При этом он взглянул на Автолика, очевидно, желая видеть, как ему показалась эта шутка[301].
(13) Филипп, остановившись у зала, где был обед, сказал:
—Что я шут, это вы все знаете; пришел я сюда по собственному желанию: думал, что смешнее прийти на обед незваным, чем званым.
—Так ложись, — отвечал Каллий — ведь и у гостей, видишь, серьезности полный короб, а смеха, может быть, у них маловато.
(14) Во время обеда Филипп сейчас же попробовал сказать что-то смешное, — чтобы исполнить свою службу, для которой его всегда звали на обеды, но смеха не вызвал. Это явно его огорчило. Немного погодя он опять вздумал сказать что-то смешное; но и тут не стали смеяться его шутке; тогда он в самый разгар пира перестал есть и лежал, закрывши голову.
(15) Тогда Каллий спросил его:
—Что с тобою, Филипп? Или у тебя что болит?
Он со стоном отвечал:
—Да, клянусь Зевсом, Каллий, очень даже болит: ведь если смех во всем мире погибнул[302], моему делу пришел конец. Прежде меня звали на обеды для того, чтобы гости веселились, смеясь моим остротам; а теперь чего ради будут звать меня? Быть серьезным я могу ничуть не больше, чем стать бессмертным; приглашать меня в ожидании получить с моей стороны приглашение — тоже, конечно, никто не станет, потому что все знают, что ко мне в дом приносить обед совершенно не принято[303].
При этих словах он сморкался, и голос его производил полное впечатление, будто он плачет. (16) Все стали утешать его, обещали в другой раз смеяться, упрашивали обедать, а Критобул даже расхохотался, что его так жалеют.

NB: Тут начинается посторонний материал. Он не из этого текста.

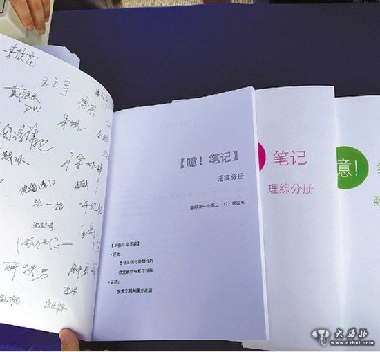 孟老师介绍,去年底,学生沈熠提出,同学们各自复习,效率不是很高,建议按擅长的科目分工,编写复习资料后共享。随后,同学们分成6个组,在任课老师的帮助下,按科目整理出复习资料。同学们拿到复习资料后,普遍反映帮助很大。高考结束后,大家决定把资料与学弟学妹分享,将6门科目整合成“语英”、“数学”、“理科综合”三册一套的《噫!笔记》,校对、装帧、编辑等工作均由学生完成。
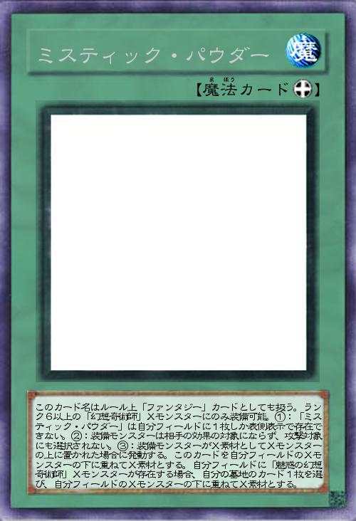 | このカード名はルール上「ファンタジー」カードとしても扱う。ランク6以上の「幻想奇術師」Xモンスターにのみ装備可能。①:「ミスティック・パウダー」は自分フィールドに1枚しか表側表示で存在できない。②:装備モンスターは相手の効果の対象にならず、攻撃対象にも選択されない。③:装備モンスターがX素材としてXモンスターの上に置かれた場合に発動する。このカードを自分フィールドのXモンスターの下に重ねてX素材とする。自分フィールドに「魅惑の幻想奇術師」Xモンスターが存在する場合、自分の墓地のカード1枚を選び、自分フィールドのXモンスターの下に重ねてX素材とする。 | |||

Услыхав смех, Филипп открыл лицо и сказал:
—Мужайся, душа: обеды будут.
И опять принялся за обед.
(1) Когда столы были унесены, гости совершили возлияние, пропели пеан[304]. В это время к ним на пир приходит один сиракузянин с хорошей флейтисткой, с танцовщицей, одной из таких, которые умеют выделывать удивительные штуки, и с мальчиком, очень красивым, превосходно игравшим на кифаре и танцевавшим. Их искусство он показывал как чудо и брал за это деньги. (2) Когда флейтистка поиграла им на флейте, а мальчик на кифаре и оба, по-видимому, доставили очень много удовольствия гостям, Сократ сказал:
—Клянусь Зевсом, Каллий, ты угощаешь нас в совершенстве! Мало того, что обед ты нам предложил безукоризненный: ты еще и зрению и слуху доставляешь величайшие наслаждения!
(3) Каллий отвечал:
—А что, если бы нам принесли еще душистого масла, чтобы нам угощаться благоуханием?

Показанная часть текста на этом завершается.